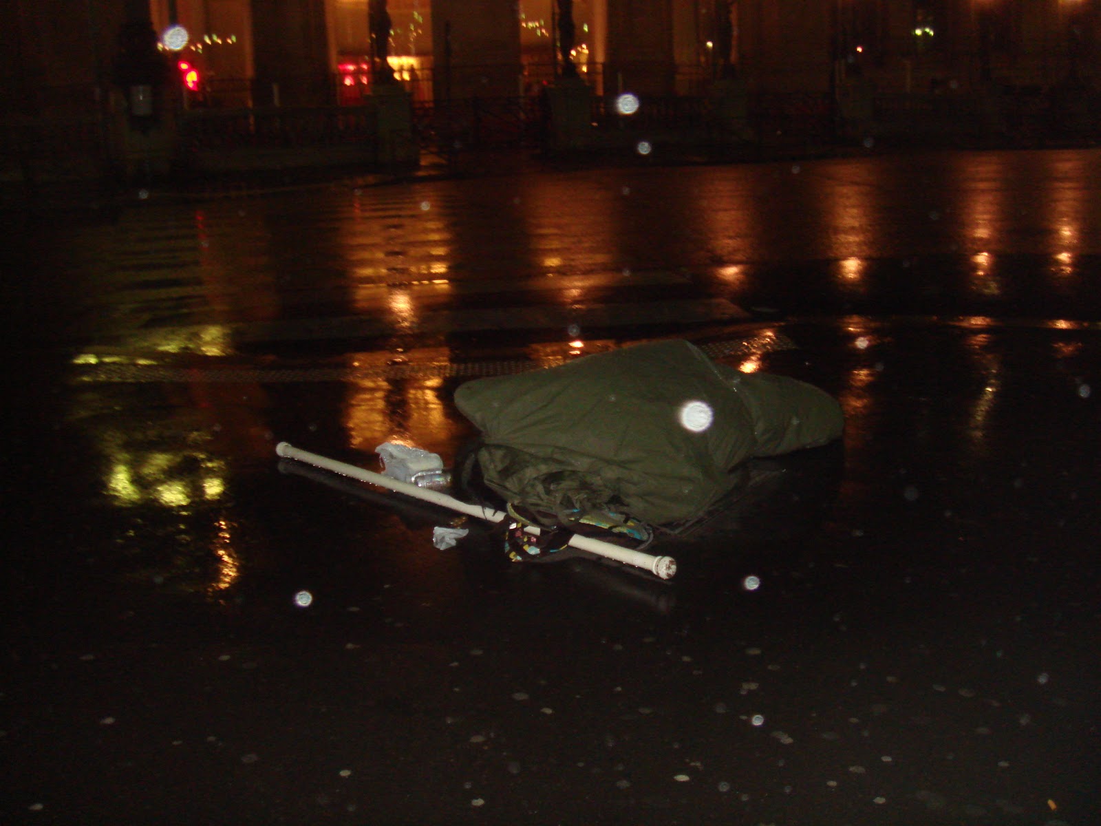 雨の中、路上で寝ている人。始めはなにかゴミでも置かれているのかと思ったが、急に動いたので人だとわかった。
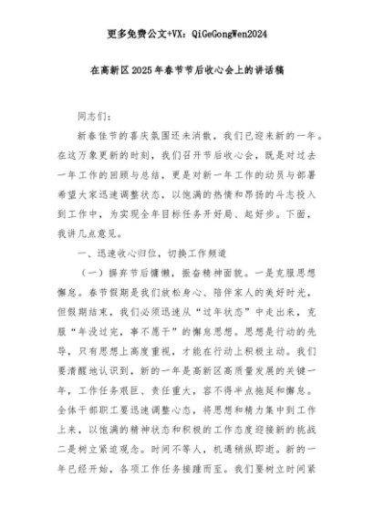 【七哥公文】2025年:在高新区2025年春节节后收心会上的讲话稿+更多免费公文+VX:QiGeGongWen2024+更多免费公文+VX:QiGeGongWen2024
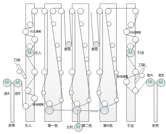 作為如今凹版印刷行業(yè)中較為普遍的控制系統(tǒng),七電機(jī)張力控制方案的系統(tǒng)構(gòu)成是由七臺(tái)電機(jī)進(jìn)行變頻傳動(dòng)控制,其中兩臺(tái)分別負(fù)責(zé)放卷、兩臺(tái)負(fù)責(zé)收卷、最后由一臺(tái)主機(jī)負(fù)責(zé)控制收、放卷牽引各一臺(tái)構(gòu)成,其中收卷、放卷、收放卷牽引都是帶張力反饋的閉環(huán)張力控制,當(dāng)VFD以速度模式運(yùn)行時(shí);由于印刷單元在兩級(jí)牽引的中間,對(duì)套色精度有較高的標(biāo)準(zhǔn),因此穩(wěn)定性對(duì)張力調(diào)節(jié)來(lái)說(shuō)十分重要,所以主機(jī)和兩級(jí)牽引采用帶編碼器的閉環(huán)矢量控制。其他張力控制系統(tǒng)均是在七電機(jī)張力控制系統(tǒng)的基礎(chǔ)上進(jìn)行增加或減少電機(jī)構(gòu)成的。
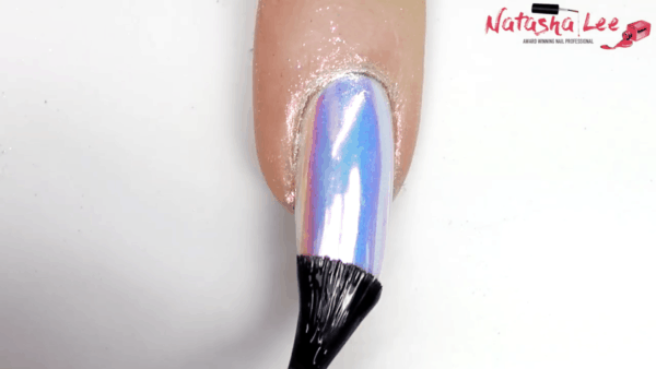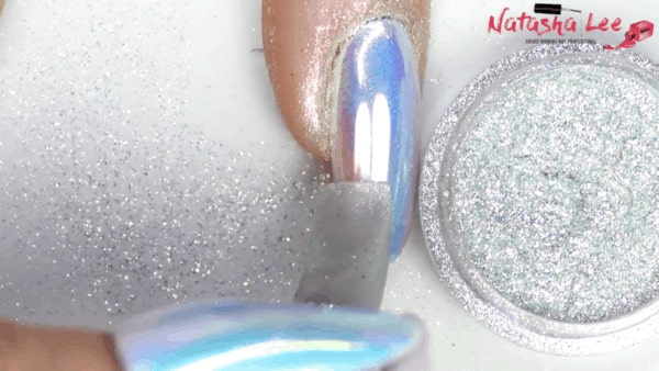 Using a flat edged silicone tool, firmly rub a unicorn-style dust or pigment onto each nail. Continue until the whole nail is covered and has a mirror shine.
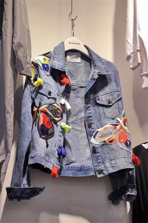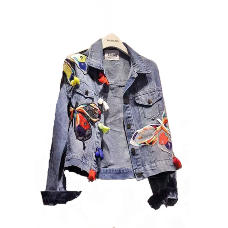 春秋新款贴布翻领牛仔外衣
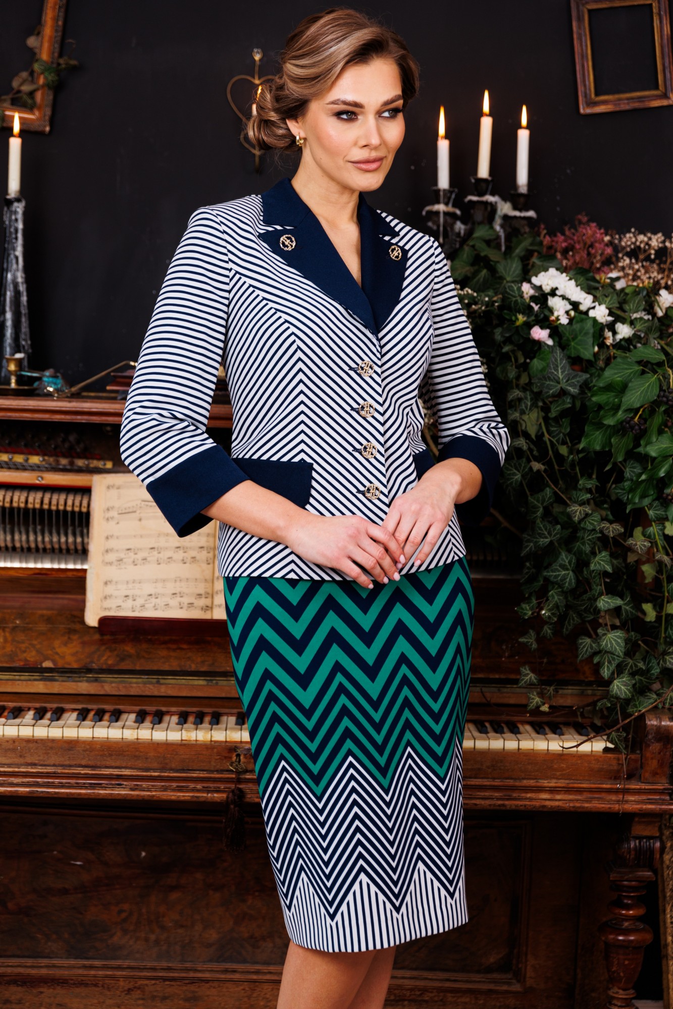 Юбочный костюм Мода Юрс 2845 полоска, зеленый с ID товара 415615
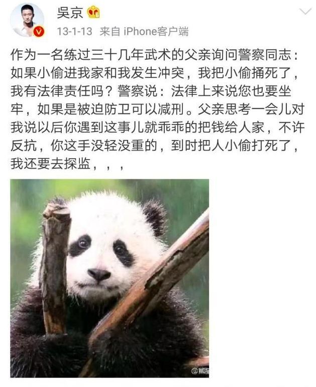 当天,吴京还在微博上称,“作为一名练过三十几年武术的父亲询问警察:如果小偷进我家和我发生冲突,我把小偷捅死了,我有法律责任吗?警察说,法律上来说您也要坐牢,如果是被迫防卫可以减刑。父亲思考一会儿对我说以后你遇到这事儿就乖乖地把钱给人家,不许反抗,你这手没轻没重的,到时把人小偷打死了,我还要去探监……“”
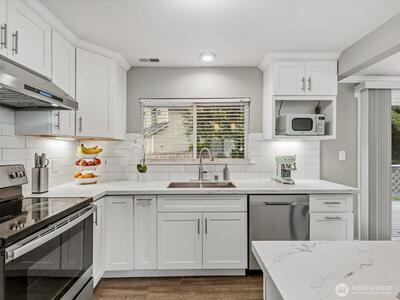 Welcome to an exceptional opportunity in Kirkland’s sought-after North Rose Hill—featuring a fully finished backyard studio and offering one of the area’s most compelling values. This beautifully maintained home blends comfort, convenience, and thoughtful updates, creating a truly versatile living experience. The inviting split-level design offers a functional, well-planned layout, highlighted by a tastefully updated kitchen and bathrooms that bring a fresh, modern touch. The light-filled main level showcases spacious living and dining areas that flow seamlessly into the kitchen, complete with stainless steel appliances and generous workspace. Downstairs, enjoy a large secondary living area perfect for relaxing or entertaining, along with a flexible den or office space. The lower level is also plumbed for a SECOND KITCHEN, offering excellent potential for multi-generational living or added flexibility. Step outside to a fully fenced backyard designed for both gathering and unw
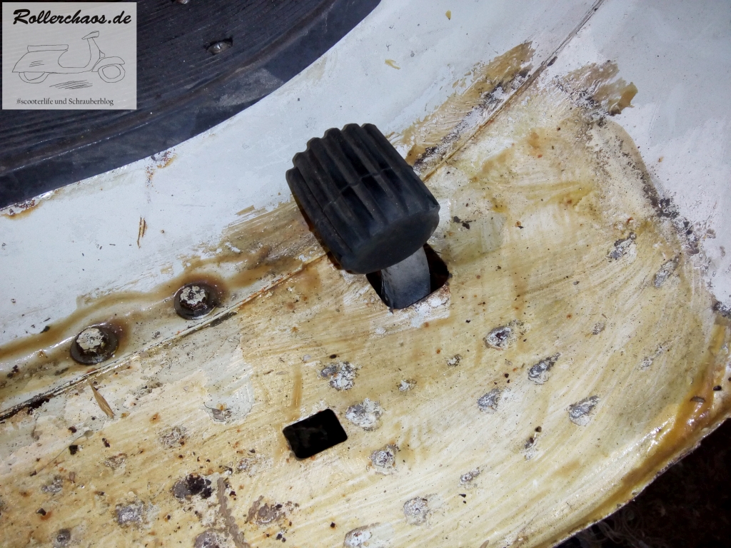 Unbedingt beheben muss ich jedoch ein klassisches Smalframe-Leiden. Das feststeckende Bremspedal ist ein Problem, dass Vespafahrern nur zu vertraut sein dürfte.
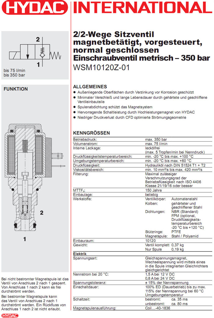 首頁 > 產(chǎn)品&解決方案 > WSM10120Z-01-C-N-24DG,WSM10120Z-01-C-N-230AG,HYDAC電磁2/2方向座閥
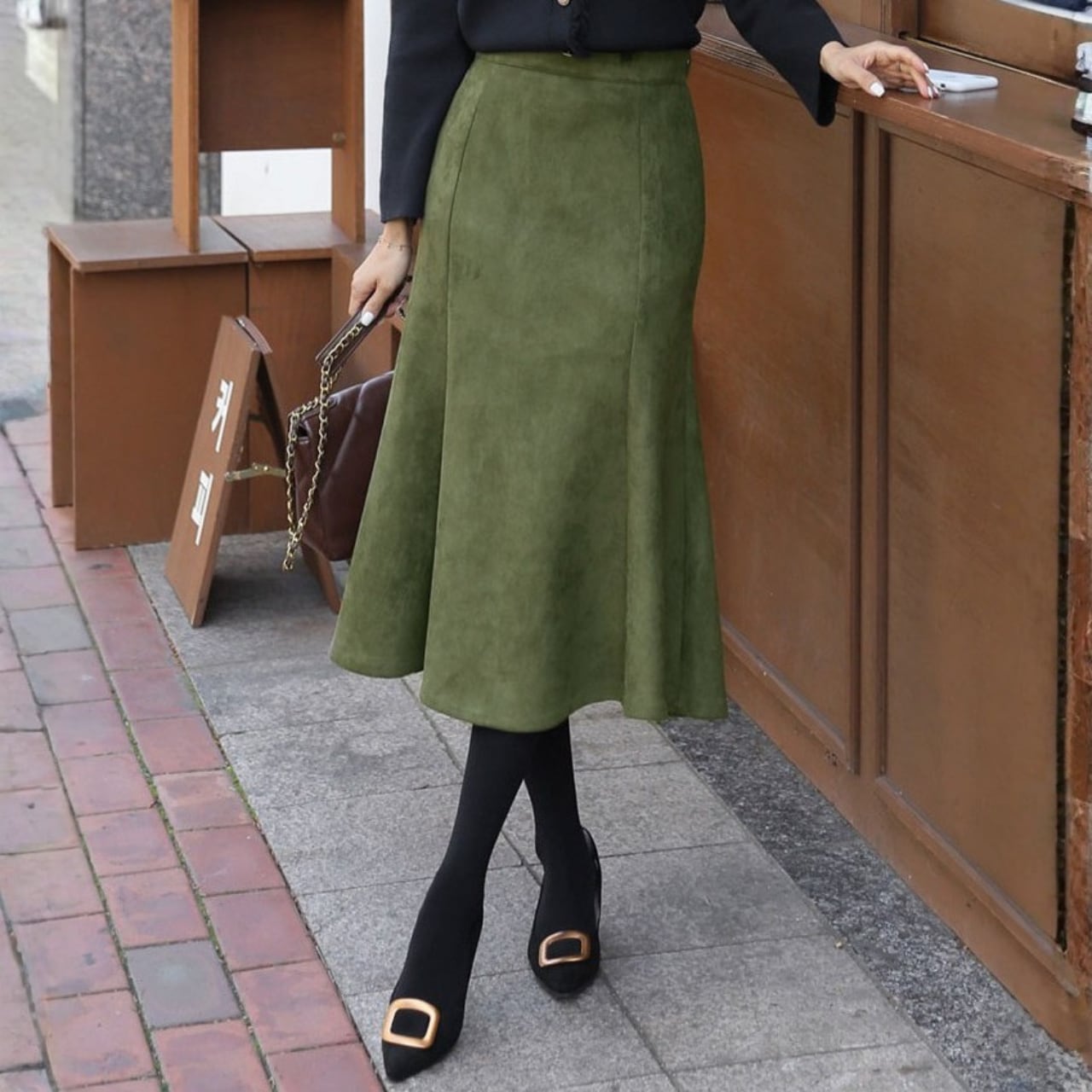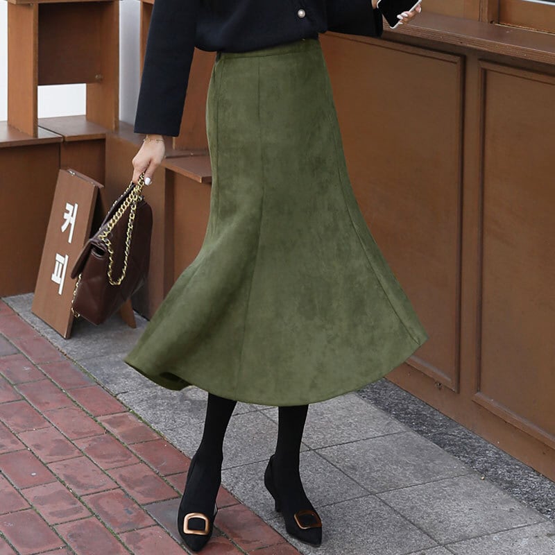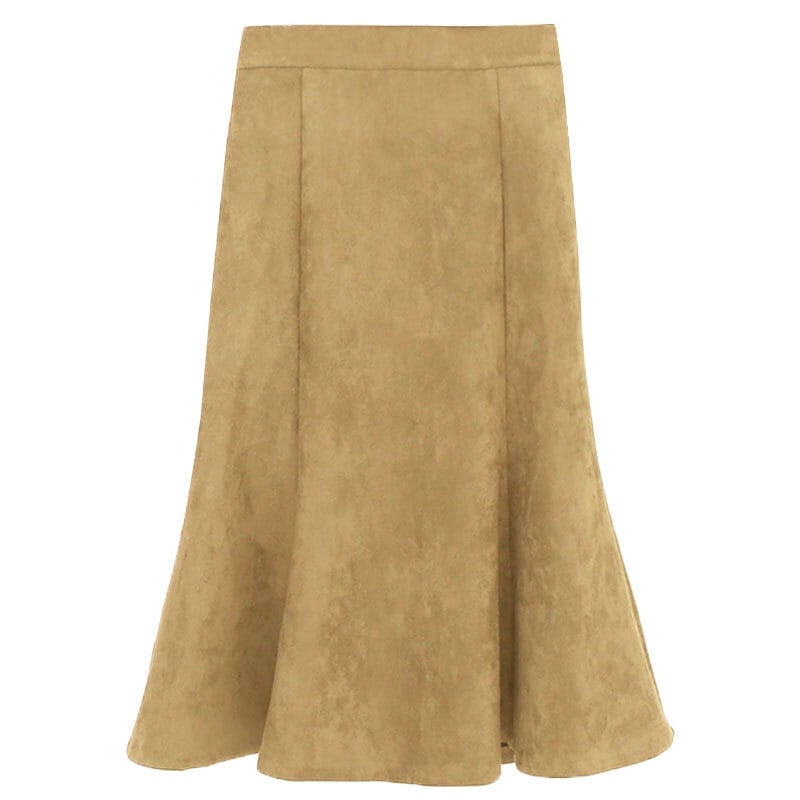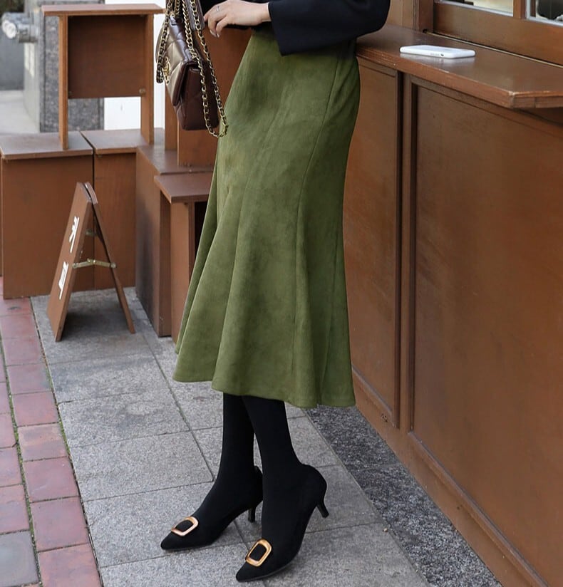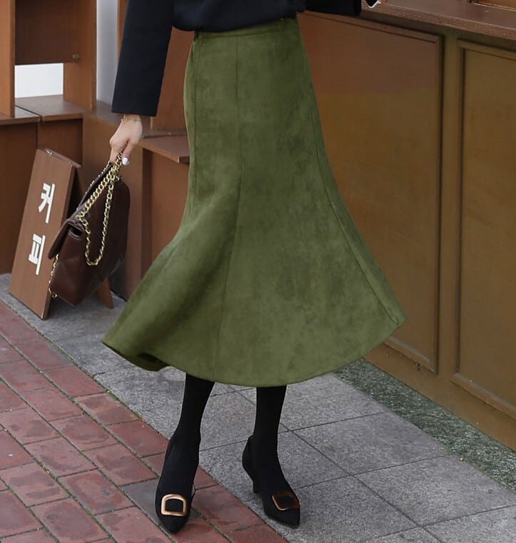 着用するだけでフェミニンな雰囲気が漂うハイウエストエレガントスイングスエードマーメイドスカート。
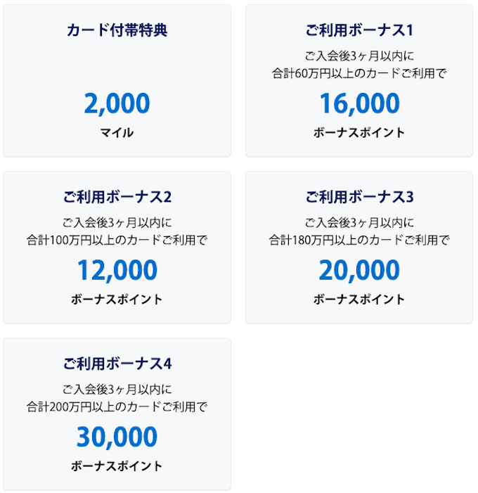 - 入会後3ヶ月以内に合計200万円以上の利用:30,000マイル

Task directions ->
Copy each line of the records above without change, but do not include any picture.

The completed task ->
 雨の中、路上で寝ている人。始めはなにかゴミでも置かれているのかと思ったが、急に動いたので人だとわかった。
 【七哥公文】2025年:在高新区2025年春节节后收心会上的讲话稿+更多免费公文+VX:QiGeGongWen2024+更多免费公文+VX:QiGeGongWen2024
 作為如今凹版印刷行業(yè)中較為普遍的控制系統(tǒng),七電機(jī)張力控制方案的系統(tǒng)構(gòu)成是由七臺(tái)電機(jī)進(jìn)行變頻傳動(dòng)控制,其中兩臺(tái)分別負(fù)責(zé)放卷、兩臺(tái)負(fù)責(zé)收卷、最后由一臺(tái)主機(jī)負(fù)責(zé)控制收、放卷牽引各一臺(tái)構(gòu)成,其中收卷、放卷、收放卷牽引都是帶張力反饋的閉環(huán)張力控制,當(dāng)VFD以速度模式運(yùn)行時(shí);由于印刷單元在兩級(jí)牽引的中間,對(duì)套色精度有較高的標(biāo)準(zhǔn),因此穩(wěn)定性對(duì)張力調(diào)節(jié)來(lái)說(shuō)十分重要,所以主機(jī)和兩級(jí)牽引采用帶編碼器的閉環(huán)矢量控制。其他張力控制系統(tǒng)均是在七電機(jī)張力控制系統(tǒng)的基礎(chǔ)上進(jìn)行增加或減少電機(jī)構(gòu)成的。
 Using a flat edged silicone tool, firmly rub a unicorn-style dust or pigment onto each nail. Continue until the whole nail is covered and has a mirror shine.
 春秋新款贴布翻领牛仔外衣
 Юбочный костюм Мода Юрс 2845 полоска, зеленый с ID товара 415615
 当天,吴京还在微博上称,“作为一名练过三十几年武术的父亲询问警察:如果小偷进我家和我发生冲突,我把小偷捅死了,我有法律责任吗?警察说,法律上来说您也要坐牢,如果是被迫防卫可以减刑。父亲思考一会儿对我说以后你遇到这事儿就乖乖地把钱给人家,不许反抗,你这手没轻没重的,到时把人小偷打死了,我还要去探监……“”
 Welcome to an exceptional opportunity in Kirkland’s sought-after North Rose Hill—featuring a fully finished backyard studio and offering one of the area’s most compelling values. This beautifully maintained home blends comfort, convenience, and thoughtful updates, creating a truly versatile living experience. The inviting split-level design offers a functional, well-planned layout, highlighted by a tastefully updated kitchen and bathrooms that bring a fresh, modern touch. The light-filled main level showcases spacious living and dining areas that flow seamlessly into the kitchen, complete with stainless steel appliances and generous workspace. Downstairs, enjoy a large secondary living area perfect for relaxing or entertaining, along with a flexible den or office space. The lower level is also plumbed for a SECOND KITCHEN, offering excellent potential for multi-generational living or added flexibility. Step outside to a fully fenced backyard designed for both gathering and unw
 Unbedingt beheben muss ich jedoch ein klassisches Smalframe-Leiden. Das feststeckende Bremspedal ist ein Problem, dass Vespafahrern nur zu vertraut sein dürfte.
 首頁 > 產(chǎn)品&解決方案 > WSM10120Z-01-C-N-24DG,WSM10120Z-01-C-N-230AG,HYDAC電磁2/2方向座閥
 着用するだけでフェミニンな雰囲気が漂うハイウエストエレガントスイングスエードマーメイドスカート。
 - 入会後3ヶ月以内に合計200万円以上の利用:30,000マイル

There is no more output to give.